### INFORMATION SUPPLIED

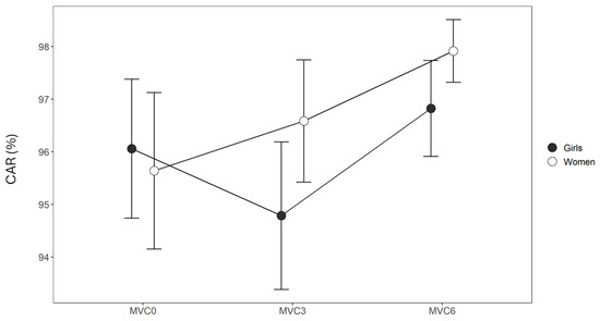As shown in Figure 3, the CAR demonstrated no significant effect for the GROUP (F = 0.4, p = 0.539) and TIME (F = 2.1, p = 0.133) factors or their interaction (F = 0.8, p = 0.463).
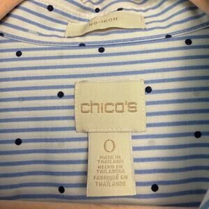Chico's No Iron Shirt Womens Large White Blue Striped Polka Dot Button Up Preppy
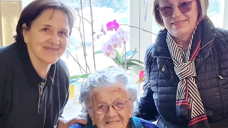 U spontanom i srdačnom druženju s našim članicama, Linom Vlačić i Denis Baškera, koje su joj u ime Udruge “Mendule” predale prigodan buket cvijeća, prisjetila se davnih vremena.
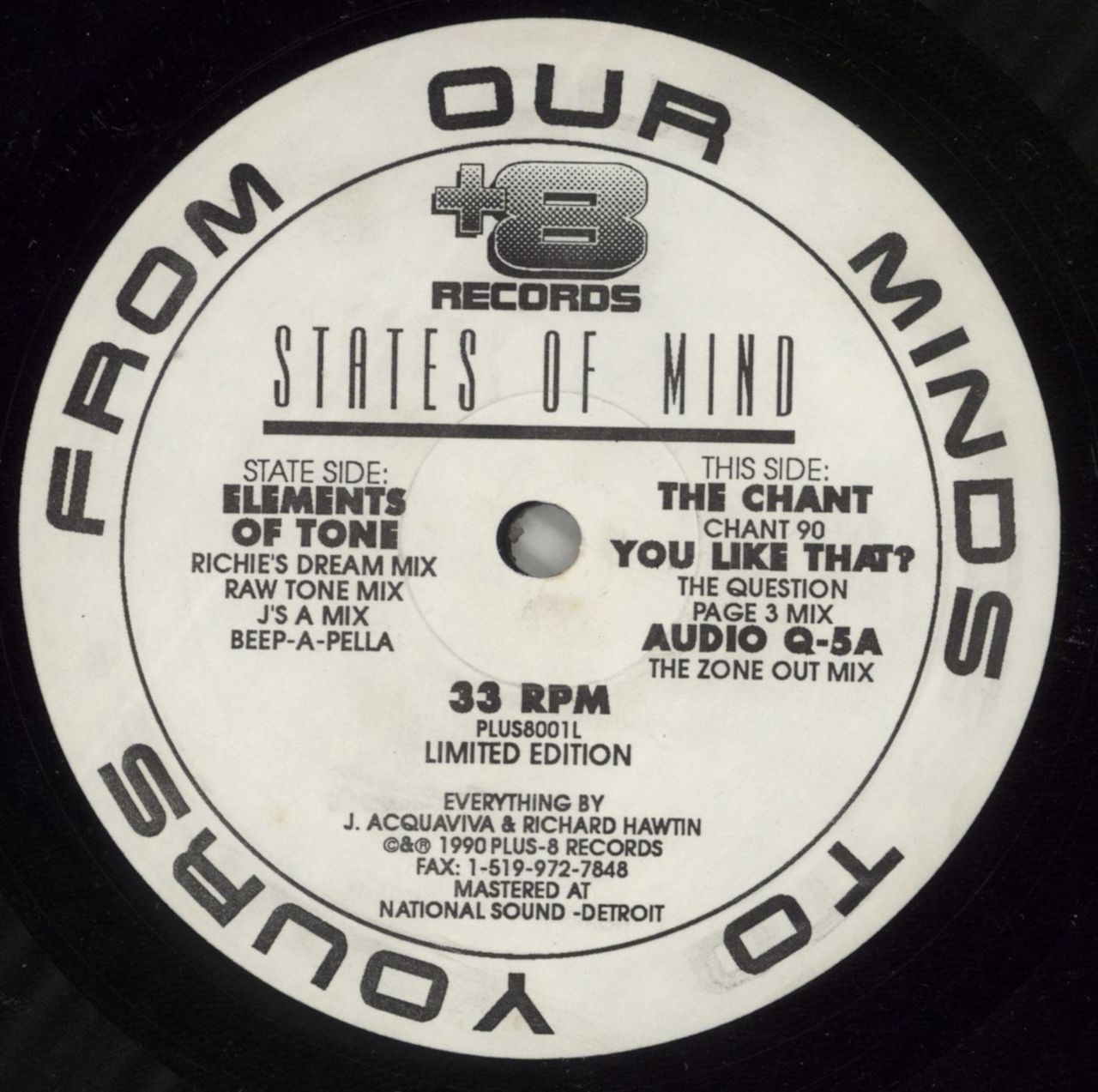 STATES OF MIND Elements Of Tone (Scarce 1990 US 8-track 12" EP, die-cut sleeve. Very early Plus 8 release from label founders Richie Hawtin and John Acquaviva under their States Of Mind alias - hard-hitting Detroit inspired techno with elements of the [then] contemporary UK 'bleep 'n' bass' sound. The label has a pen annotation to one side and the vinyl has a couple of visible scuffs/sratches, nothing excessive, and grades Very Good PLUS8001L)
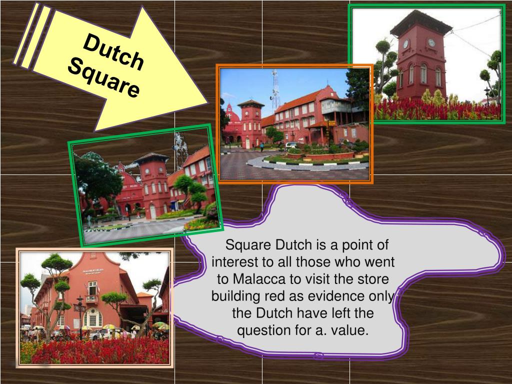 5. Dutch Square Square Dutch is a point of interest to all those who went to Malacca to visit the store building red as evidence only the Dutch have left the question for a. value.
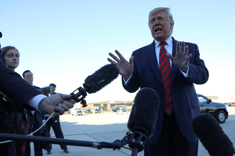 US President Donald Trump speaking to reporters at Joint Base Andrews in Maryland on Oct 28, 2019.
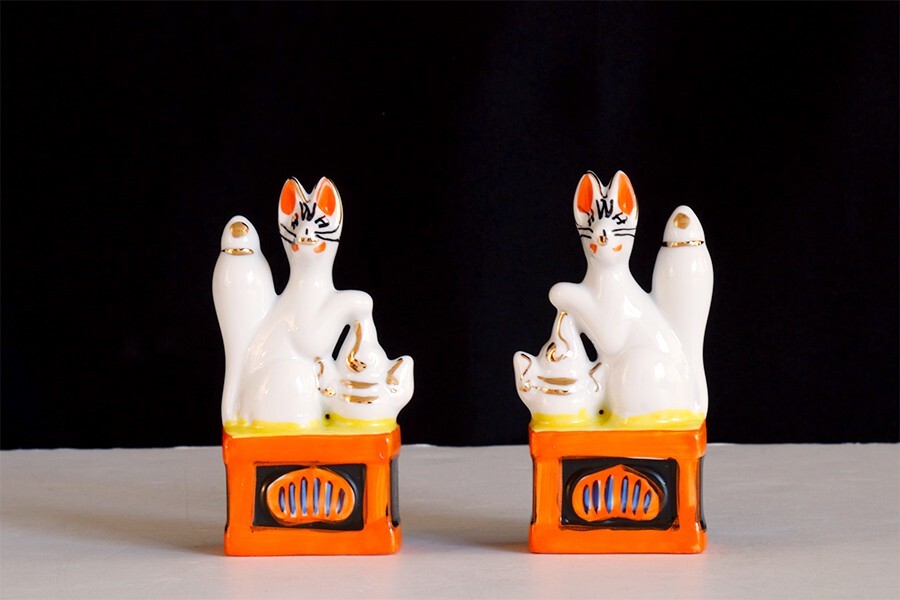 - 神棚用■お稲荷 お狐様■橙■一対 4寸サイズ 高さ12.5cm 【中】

######

*EXERCISE AIM*
What is needed is an exact printout of every record above, with the pictures left out.

*THE COMPLETED TASK*
As shown in Figure 3, the CAR demonstrated no significant effect for the GROUP (F = 0.4, p = 0.539) and TIME (F = 2.1, p = 0.133) factors or their interaction (F = 0.8, p = 0.463).
Chico's No Iron Shirt Womens Large White Blue Striped Polka Dot Button Up Preppy
 U spontanom i srdačnom druženju s našim članicama, Linom Vlačić i Denis Baškera, koje su joj u ime Udruge “Mendule” predale prigodan buket cvijeća, prisjetila se davnih vremena.
 STATES OF MIND Elements Of Tone (Scarce 1990 US 8-track 12" EP, die-cut sleeve. Very early Plus 8 release from label founders Richie Hawtin and John Acquaviva under their States Of Mind alias - hard-hitting Detroit inspired techno with elements of the [then] contemporary UK 'bleep 'n' bass' sound. The label has a pen annotation to one side and the vinyl has a couple of visible scuffs/sratches, nothing excessive, and grades Very Good PLUS8001L)
 5. Dutch Square Square Dutch is a point of interest to all those who went to Malacca to visit the store building red as evidence only the Dutch have left the question for a. value.
 US President Donald Trump speaking to reporters at Joint Base Andrews in Maryland on Oct 28, 2019.
 - 神棚用■お稲荷 お狐様■橙■一対 4寸サイズ 高さ12.5cm 【中】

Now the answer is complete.